Fairbrother sat beside her (at Elizabeth’s insistence, for the occasional seat facing rear was not a comfortable one). He remained silent, however, allowing her to recollect herself. What thoughts he imagined there must be: the relief of speaking face-to-face at last with the man to whom she was formally betrothed; the compassion which any of her sex and upbringing must have for a man whose body was sacrificed in the service of his country; above all, though, the freedom now to follow her heart. How he envied her! How he wished he could tell her of the object of
his
longing. But it would not do: his friend’s sister, whom he admired more each day, did not merit the burden of another’s sorrows.

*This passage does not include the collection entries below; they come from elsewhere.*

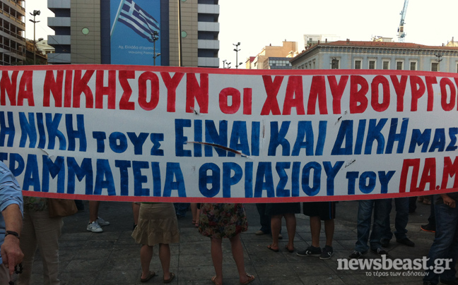 Συγκέντρωση αλληλεγγύης και πορεία του σωματείου των εργαζομένων στην Ελληνική Χαλυβουργία πραγματοποιείται αυτή την ώρα στο κέντρο της Αθήνας.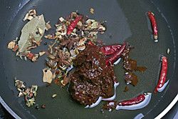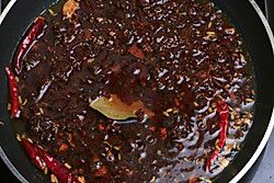 先制作水煮鱼好吃必须的老油,外面饭馆都各自掌握的秘诀就在这里:先将锅做热放少许油小火煸香小茴香、八角、豆蔻、山奈、香叶、桂皮、干辣椒等香料然后放入辣椒酱。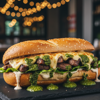 Baguette artesnal horneado con mantequilla con ajo, arrachera de res, costra de quesos, salsa chimichurri casera, aderezo ranch y lechuga.

‘Mr Fairbrother,’ said Elizabeth at length, still gazing out of the window at the crowded Thames. ‘You must not judge my brother harshly, if that is your inclination. Forgive me, but I could not but notice your manner this morning and at the hospital. He means nothing but well. It is only that he sees his course, and others’, in terms of duty. He was ever thus, even as a boy, though he was not then so . . . unbending. I believe that came later, on account of the death of his wife. I believe he is convinced there can be no contentment on this earth for him; hence his embrace of duty – duty as he perceives it. And I believe he has extended that conviction to me, without in truth thinking on it deeply, only that by some strange device we are conjoined in the natural affections of the mind. I care for him very much, but I am entirely resolved now upon my own happiness. I love Major Heinrici in a way I had never before understood, and I wish Matthew, who has known what I now know, would simply yield to that.’

Fairbrother had to clear his throat, such was his surprise (if not quite embarrassment) at being admitted to such sentiment. ‘Miss Hervey . . . your expression . . . I have never heard its like.’

She turned to him, and smiled. ‘Have you not, Mr Fairbrother? I had understood you to have moved in far more elevated and cultured society than mine!’

‘Evidently not, madam.’

Elizabeth smiled the more, and turned back to the Thames. ‘You know,’ she resumed, ‘I am quite certain that if my brother were to shake hands with Major Heinrici they could be friends within a very short time.’

Fairbrother almost laughed. ‘I don’t doubt it for a moment, Miss Hervey. I am certain your brother is incapable of disliking any who answers to the description of good soldier, and I am disposed to thinking, from my study in the matter, that any officer of the King’s German Legion would serve in that description!’